Rachel Ober Burrell, a frequent visitor to the Vineyard, died Wednesday, Oct. 10, in Cincinnati, Ohio, surrounded by her family. She was 79 years old.

Mrs. Burrell and her husband co-founded the Fernside Center for Grieving Children after the death of their son, David, in 1982. He was a graduate student at the University of Cincinnati when he was hit and killed by a car while riding his bicycle home. Three years later, Mrs. Burrell viewed an ABC News report by Peter Jennings about the Dougy Center in Portland, Ore., the nation’s first center for grieving children.

That news story and a subsequent trip to Oregon inspired her to start the nation’s second such program. With a $4,500 grant from the Junior League of Cincinnati, Fernside first opened at a Presbyterian church in the Hyde Park section of Cincinnati and initially served 16 children and 12 adults. Now, more than 800 children, teens and adults attend the program’s support groups every year.

The Burrells’ philosophy was rooted in self expression. Children were given license to draw pictures, act out feelings with puppets, dress up in costumes and put on plays, write stories and poems, talk to loved ones on play telephones, and laugh and cry. They were also encouraged to talk to each other about their feelings, their sadness, life, death and how to go on.

Born in Akron, Ohio, Mrs. Burrell learned to read notes from sheet music before she could read words in a book and was soon recognized as a piano prodigy. She studied music at Connecticut College for Women and graduated in 1950 with a bachelor of arts degree. Connecticut College awarded her the Sarah Nichols Cup for the greatest contribution to musical life on campus.
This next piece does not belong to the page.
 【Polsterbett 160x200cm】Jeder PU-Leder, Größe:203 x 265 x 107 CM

From 1950 to 1953, she pursued graduate studies in musicology and composition at Columbia University and worked closely with Professor Paul Henry Lang.
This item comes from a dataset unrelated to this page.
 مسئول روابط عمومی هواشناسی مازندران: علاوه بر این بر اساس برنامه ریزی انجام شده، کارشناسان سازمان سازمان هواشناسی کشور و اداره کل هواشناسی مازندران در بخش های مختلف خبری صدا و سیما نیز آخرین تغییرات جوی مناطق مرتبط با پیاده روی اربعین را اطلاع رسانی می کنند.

But instead of finishing her master’s degree, she got married. While at a funeral in 1951 in Akron, Rachel met her future mother in law, who introduced her to Paul Burrell on the basis that he had also gone to Columbia. Normally very choosy about her dates, she couldn’t find any fault with him.

They were married in 1953 and remained so until his death in 2001. They moved to Cincinnati in 1962, when he became a professor of French literature at the University of Cincinnati. In addition to raising four children, Mrs. Burrell volunteered at the Eastern Avenue Community Center and served as a den mother for the Boy Scouts and as a PTA vice president at Kilgour School. She loved to attend performances of the Cincinnati Symphony Orchestra, and she was an avid traveler with a deep fondness for cathedrals, capitol buildings in any state, the beaches and dunes around Northport, Mich. and the sights and company of good friends in Barcelona, Spain. She was also renowned in small but very satisfied circles for her culinary skills: lasagna, chili and chocolate chip cookies. An avid storyteller, she had a gift for good timing and easy laughter.
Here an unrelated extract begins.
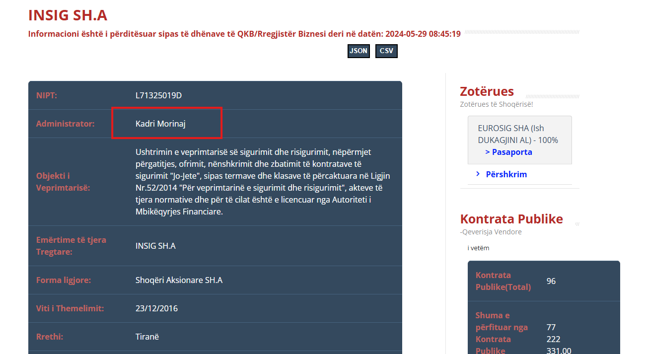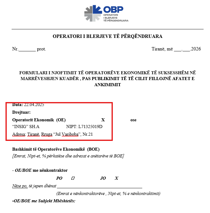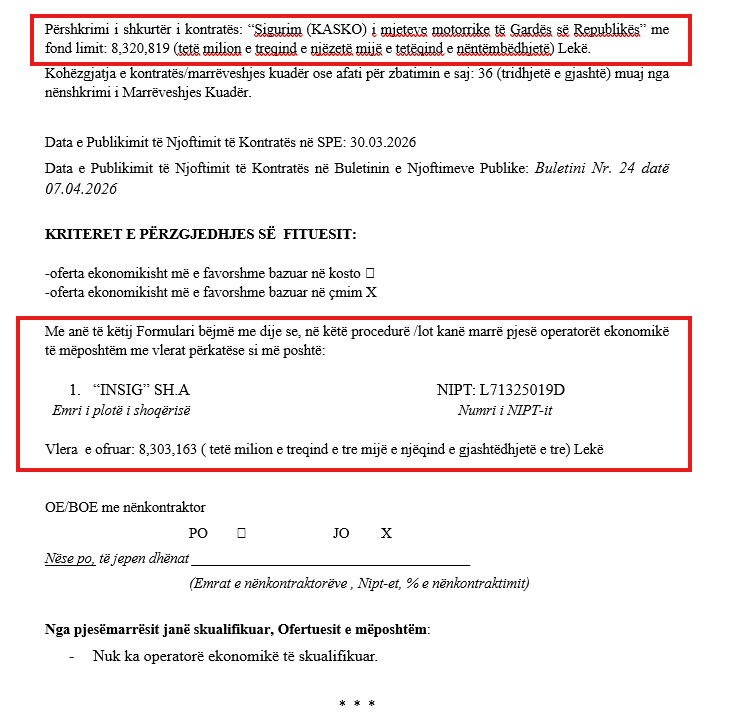 Një tjetër procedurë prokurimi nën ombrellën e Operatorit të Blerjeve të Përqendruara (OBP), i drejtuar nga Arlinda Pogaj, po ngre dyshime serioze për klientelizëm dhe mungesë të theksuar transparence. Me një manovër që "përzë" konkurrencën, institucioni ka shpallur fituesin e tenderit për sigurimin KASKO të mjeteve të Gardës së Republikës, duke i kaluar rreth 100 mijë euro me TVSH kompanisë "INSIG" në pronësi të Kadri Morinajt.

Survivors include Ann Burrell and Peter Burrell, both of Cincinnati, Christopher Burrell of East Boston, and grandsons Harvey Burrell of Concord and Vineyard Haven and Pip and Bjorn Burrell of Cincinnati.

A mass of Christian burial was held at St. Mary Church in Hyde Park. Contributions in her memory may be made to Fernside Center for Grieving Children, Box 633597, Cincinnati, Ohio, 45236-3597.